Raymond Haney testified that he was 15 years old at the time of the accident, and did not have a driver’s license.

After the plaintiff had rested, the court stated that the plaintiff had not produced evidence to show what caused Haney to lose control of his car, and the plaintiff asked leave of court to withdraw her rest as to the defendant Brick Company, and to call Raymond Haney to the witness-stand to testify to the condition of the street over which he traveled just before the accident. This the court refused to do. An affidavit of Raymond Haney, in support of a motion for new trial, was introduced and made a part of the record, and is found in the bill of exceptions. He stated that, as he came over the top of the hill, at about 25 miles an hour, he noticed the street car was approximately half way down the hill, and he came to a thin layer of mud. When nearing the intersection at the bottom of the hill, the street car seemed as if it were going to continue across, but the motorman suddenly applied the brakes and stopped the car. He applied his brakes and turned the wheels, but the automobile continued to skid towards the curb, and hit the curb, jerked the wheel out of his hands, and skidded back towards the street car. He tried to turn the wheel, to avoid colliding with the street car, 'but- the automobile continued to skid into and hit the street ear. The thin layer of mud was practically continuous on the east side of Thirteenth street. The speed of his car was approximately 20 miles an hour at the time he collided with the street car. The windshield wiper was working all right, and there was mist at the time.

C. E. Wright, sales supervisor of the Hoover Company, Mrs. Charlotte LaTowsky, and John M. Roubal, auditor of the Woodmen of the World, who live in the immediate vicinity, had great difficulty in driving their automobiles, near the time and place of the accident, over the muddy, slippery, and greasy road, caused by this clay spilling off from the trucks of the Brick Company.

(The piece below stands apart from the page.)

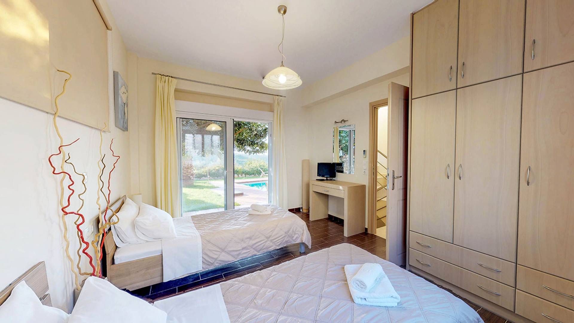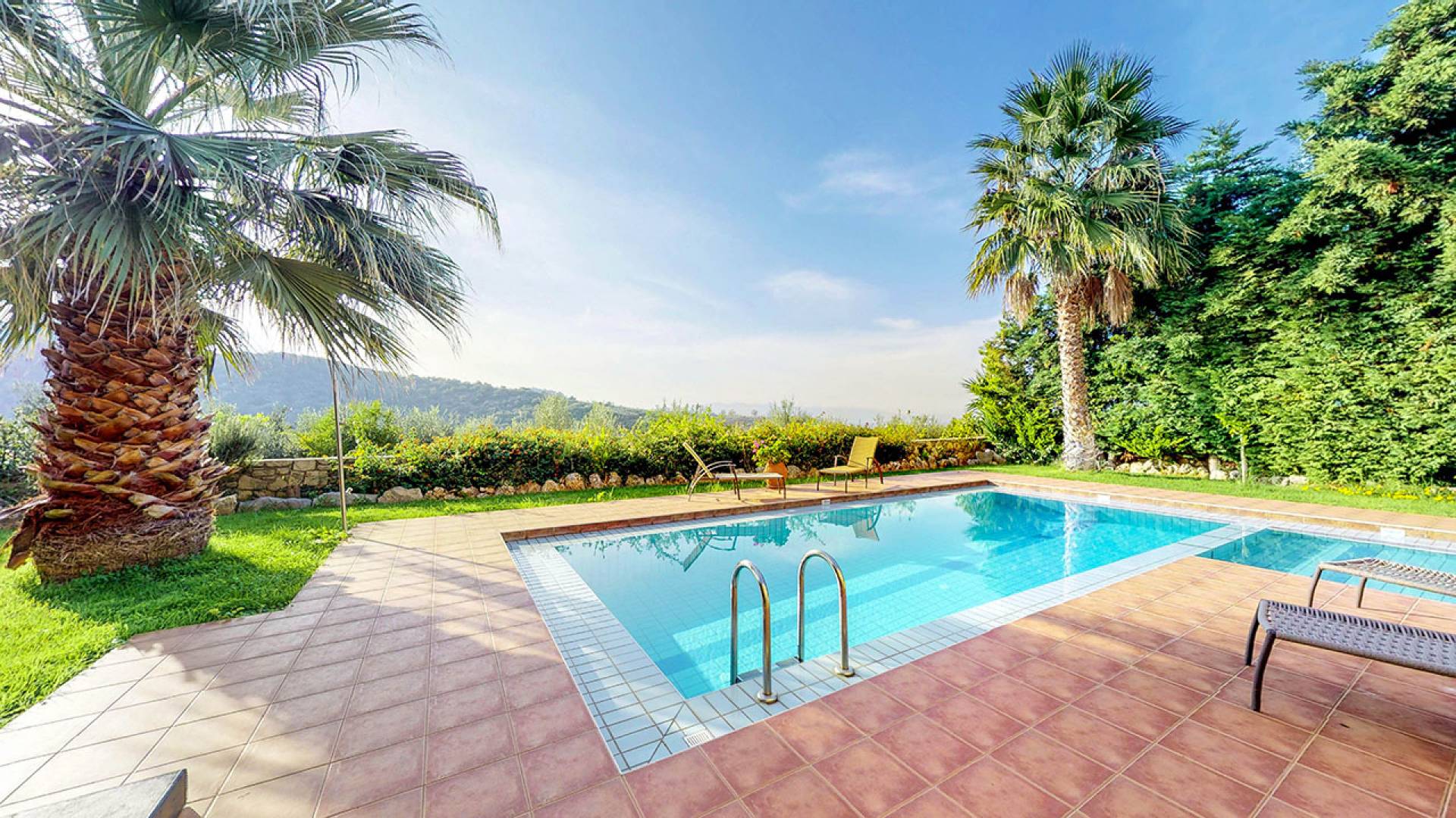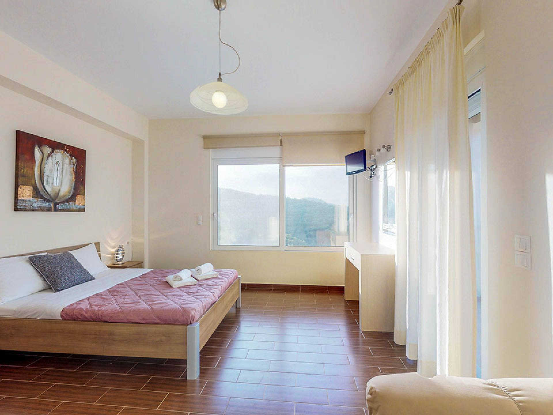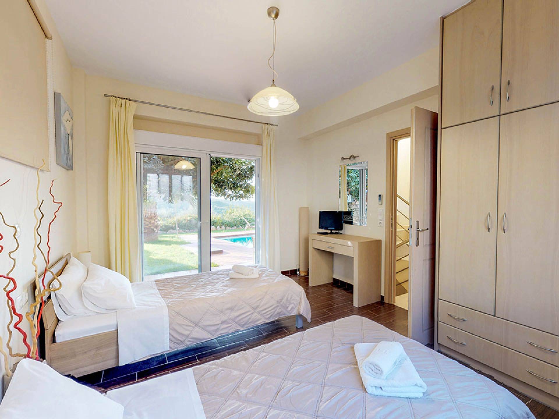 Pour la réalisation de cet objectif et malgré l'esthétique distincte de la villa, ont été conçues à l'envers de manière à offrir un maximum de plaisir aux visiteurs qui peuvent passer des moments de détente au salon tout en profitant de l'accès direct à la piscine et au jardin privés, asseyez-vous confortablement à la salle à manger, facilitez leur séjour en utilisant la cuisine entièrement équipée, reposez-vous dans les chambres spacieuses et bien sûr profitez de la vue imprenable sur la nature environnante, la mer, les collines verdoyantes, la beau coucher de soleil, le jardin et la piscine depuis les vérandas du 1er étage.

It was not necessary that the plaintiff prove that the negligence of the Brick Company was the sole 'proximate cause of plaintiff’s injury. We hold that, if separate, independent acts of negligence combine to produce a single injury, each is responsible for the entire result, even though the negligent act of any one of the defendants alone might not have caused the injury. O’Neill v. Rovatsos, 114 Neb. 142; Schweppe v. Uhl, 97 Neb. 328; Robertson v. Chicago, B. & Q. R. Co., 108 Neb. 569; Olson v. Hansen, 122 Neb. 492; Koehn v. City of Hastings, 114 Neb. 106.

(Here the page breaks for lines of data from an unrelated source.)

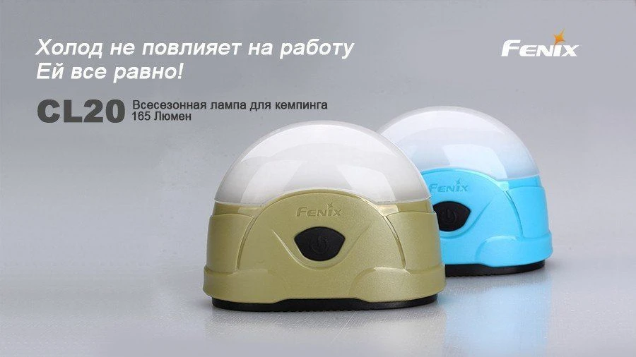 Эта серия — новая для компании Fenix. Пока она включает лишь одну модель — фонарь CL20, но в будущем производители обещают ее расширить. CL фонари предназначены для кемпинга. Это влагозащищенное устройство с диффузионным фильтром особой конструкции, который позволяет получить мягкий рассеянный свет, достаточный для освещения территории с радиусом 10 м. Фонарь достаточно универсально крепится к различным поверхностям при помощи петли и встроенных магнитов. Помимо 9 диодов белого света с суммарной мощностью светового потока 165 люмен, в CL20 встроены 2 дополнительных красных светодиода.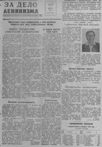 ■ л I г п I П , I и С и И п Н и Ш е С Ь I З А Д Е Л О ЛЕНИНИЗМА Орган Северного РК Коммунистической партии Советского Сс юза и районного Совета депутатов трудящихся Новосибирской области № 20 (1931) | ЧЕТВЕРГ 7 МАРТА 1957 г. Цена 10 коп. ; Нерушимый блок коммунистов и беспартийных одержал ещё одну замечательную победу Поздравляем с наступающим днём 8-е марта передовых доярок, телятниц, чабанов, лучших женщин-механизаторов, лучших представителей интеллигенции, всех женщин района и желаем успехов в их благородном труде на благо любимой Родины. На прошлых выборах в местные Советы избрано 78 женщин. Пожелаем нашим депутатам по-государственному решать вопросы, держать тесную связь с народом, чутко относиться к запросам трудящихся. — — _ * * * -------:— Удостоена вЫсокой награды Н О В О Е Т О РЖ Е С Т В О С О В Е Т С К О Й Д ЕМ О К Р А Т И И 3 мартапроходили выборы в местные Советы депутатов трудящихся. По праздничному р ш ж в м а ы и е е г М , н но о л н н я ж в ы о д с и г е е к е о в л о л п у и с е м л л и т н и а а ы с н р к ц с . а а ы а и ш н т я а и а с м й м и с р и ё , и а л б н ы а н , л л а о о е к з т г у у и о н к в в о г р у л м а о а т сёл, работниками клубов.чтобы как можно красивееоформить избирательные участки, аде лать их уютными, создать с т о р в у а д ни я я щим и ся пр у а с з л д ов н и ич я н д о ля п г р о ’ л ве о сти время в клубах и избах читальнях. По всем избирательным у в л ч о 6 а с ст ь ч к в а а с м у о ст в а г н о у о т л в о р л а е с . о н в н а о н е И и з е в би ре р н а м т я а е ч —л а и т ш о л ко и м и и шл о и тд н а е ва п л р и еры св в о н и ым голо п с о а за выдвинутых кандидатов в депутаты, за лучших людей, н с м д с о к а е о р о е в м а о й о л д е н и а с д п . и т а р з н р Д а и е р н т р у и к и уж я е а и н н ,п т о д р и е й К а с д н с в о а и о е м т м т е о , ь м е в л ё у н й ь ин с е б с г т р в о т л и у а л о ш ч о ка е и и коммунистов и беспартийных, за политикупартии, направ ляющую усилия трудящихся на всемерноеразвитие всего народного хозяйства. Советская демократия ещё- ж р те а е л н з ь и н е о н й а в ш о ла в к с а ёмм св п о а х ё н о и д я и р е . кое в О з р б в г ыы а р н р а ы а г р о а с ю у т д с а я рс у тве н н а н с ой са в м л и а м сти нар и о з д б о и в на основе всеобщего, прямого и равного избирательного права при тайном голосовании. с ц с с о и к и в л е о В е ы й г ы т о с б в и к о с ыи р н т с ы х р е о о к с я я о о г . й р в к а и П р л ж а у с и ш д и о ш с а м з ь н н о , с д а н т е а т е и м р л в о ь е о с д н л о н и о в с с е к е т т щ о т й и р ё араз показал тесное сплочение г н д в р о и о а м е к м р . м в у ы у г , п р о н о л д а н и ч я е т р й ь т п а в а н р ел н ти и у и к ю у X , X ю с ж ъ е п е л р з о а н ти ос з Т м т а ь, к м а о я е ж д п е и о т н л о б д и ы у ит ш т ч ь и ес е к , т ая ол п ь а к а о к т т р и ио в в т т с ж т ы т ы у и р ц О а т г в и б н е о е н л й е л а э , о и т р с С о г о о ки С м д д в е С м а у Р , н г з и . в о г в а л я д к о а о р е с в я н т т л ь о юм д д — е п и р н К р ь ез и о н с у н в о л а ы с д г ь т б р л и т о е е а ров—3 марта. За кандидата в депутаты областного Совета— Степана Васильевича Кемеле- п т ц т в о е а а ро н в — ты ц — т п е а н 9 , р р 9 т о а а й з г п а о о н р л о и к н о ц о а е с г н н о о с т д в е о и л а в С ь . д л о с а о в к т е 9 и т о 9 х а , в 9 — д С 9 п е 9 о п в р ,5 у о е ств О ую б т это п м ро т с а т к ы ж е е , от свид с е е т р е д л ц ь а идущие слова, сказанные и написанные на бюллетенях избирателями. в в ч и е е е т нМ с Ды т н е Т н п ы и С и у , з к е т б и а р т т , а р л а н у п у мыж р и ч е е шн л д в и и у е с ч к т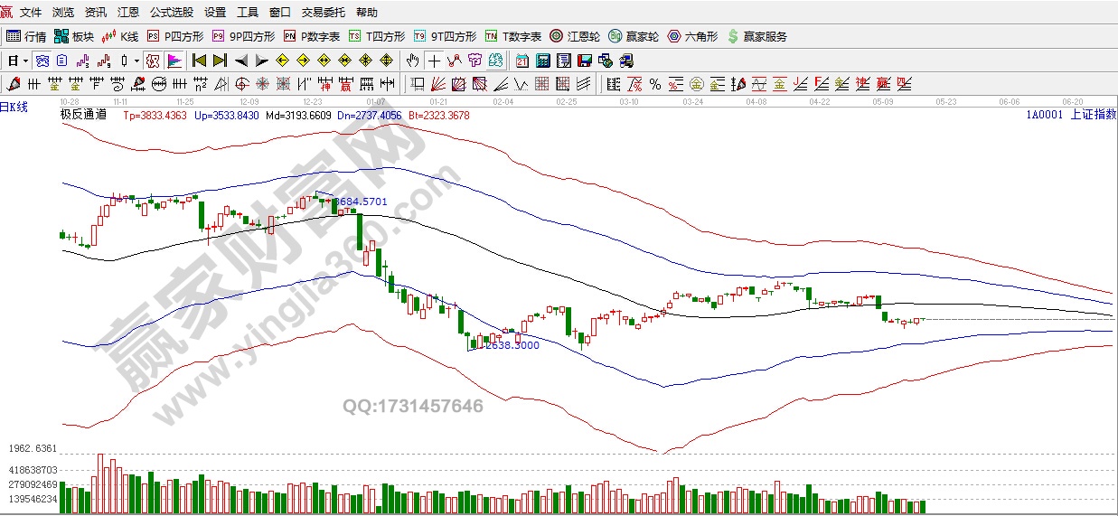 ☆依據贏家江恩理論系統極反通道提示:日線生命線之下,趨勢空。

The trial court sustained the motion of the Brick Company for an instructed verdict at the close of the plaintiff’s testimony. This ruling has given this court considerable difficulty. We believe that sufficient facts were alleged against the Brick Company in the second amended petition to withstand a demurrer. After the plaintiff’s evidence is taken, then a motion to dismiss a defendant is, in effect, a demurrer to the evidence. Therefore, the court must consider all the facts testified to by plaintiff’s witnesses as established, together with all inferences which can logically be drawn therefrom. Harris v. Lincoln Traction Co., 78 Neb. 681; Kimble v. Roeder, 115 Neb. 589. We have even said it was error if there is competent evidence from which the alleged facts may reasonably be inferred. Interstate Airlines v. Arnold, 124 Neb. 546; Thamann v. Merritt, 107 Neb. 602.

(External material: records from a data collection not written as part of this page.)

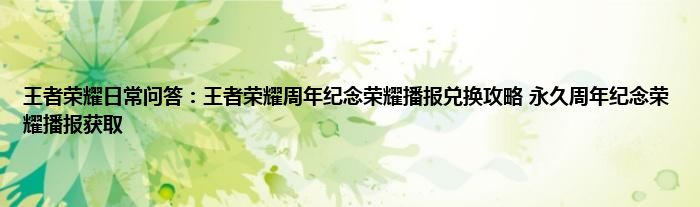 今天来聊聊关于王者荣耀日常问答:王者荣耀周年纪念荣耀播报兑换攻略,永久周年纪念荣耀播报获取的文章,游戏是很多人的选择,但是游戏玩多了也会身心疲惫,现在就为大家来简单介绍下王者荣耀日常问答:王者荣耀周年纪念荣耀播报兑换攻略,永久周年纪念荣耀播报获取,希望对各位小伙伴们有所帮助。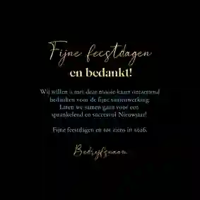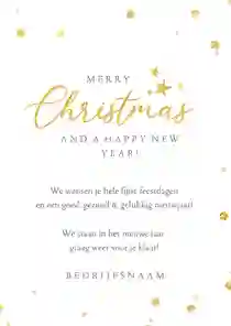 Je werknemers geven je bedrijf glans, en dat benadruk je met een glinsterende zakelijke kerstkaart! Zwierige gouden letters, stralende zilveren sterren of juist funky holografische details: zakelijke kerstkaarten met foliedruk zijn perfect om je medewerkers in het zonnetje te zetten. Wil je graag een warme kerstwens overbrengen? Dan zorgt een zakelijke kerstkaart met koperen of holografische details voor een extra gezellig kerstgevoel. En kies je liever een fonkelende uitnodiging voor de kerstborrel? Dan brengt gouden foliedruk je werknemers helemaal in de feeststemming. Zo laat je je zakelijke kerstkaart nog meer sprankelen!
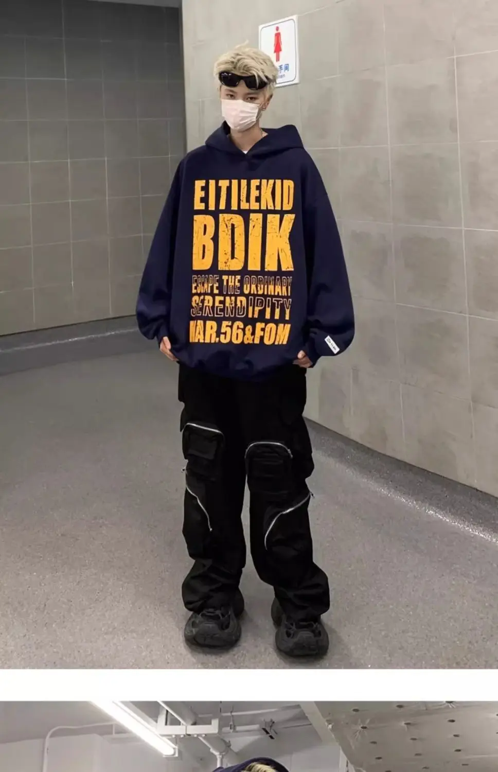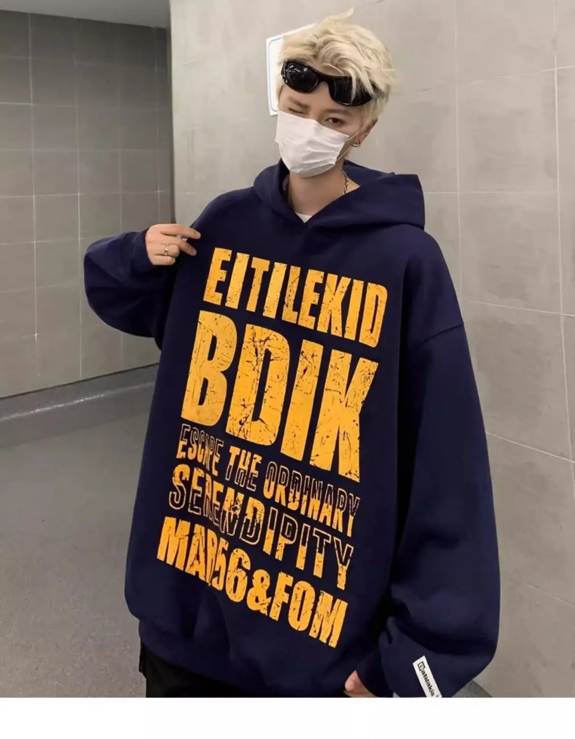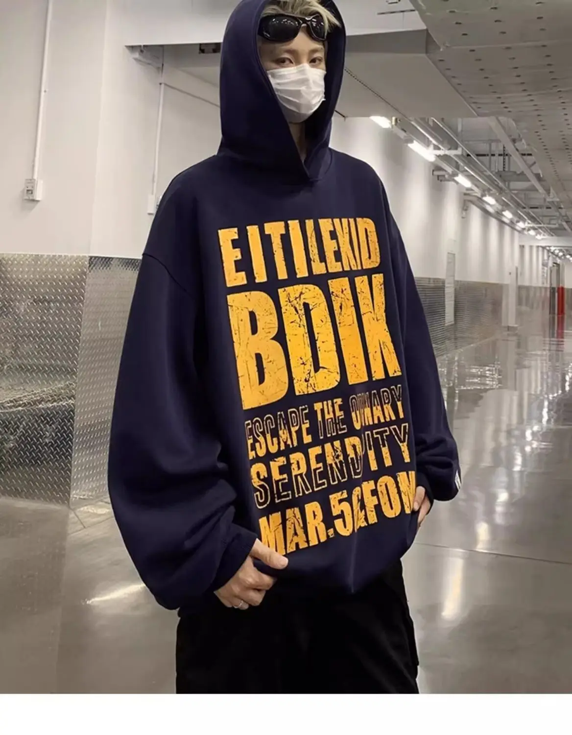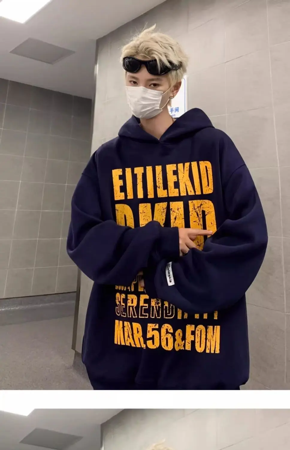 WIAOFELLAS - Navy Heavy Weight Sweater Men's American Retro High Street Hip-hop Couple Coat Oversize China-Chic Top

The judgment of the trial court dismissing the cause as to the Omaha & Council Bluffs Street Railway Company, and also as to the Omaha Ice & Cold Storage Company, is affirmed. We find that the entry of the judgment of dismissal of the Kritenbrink Brick Company was an error, which dismissal is hereby set aside, and said cause is reversed and remanded for a new trial as against the defendant Kritenbrink Brick Company.

Affirmed in part, and reversed in part.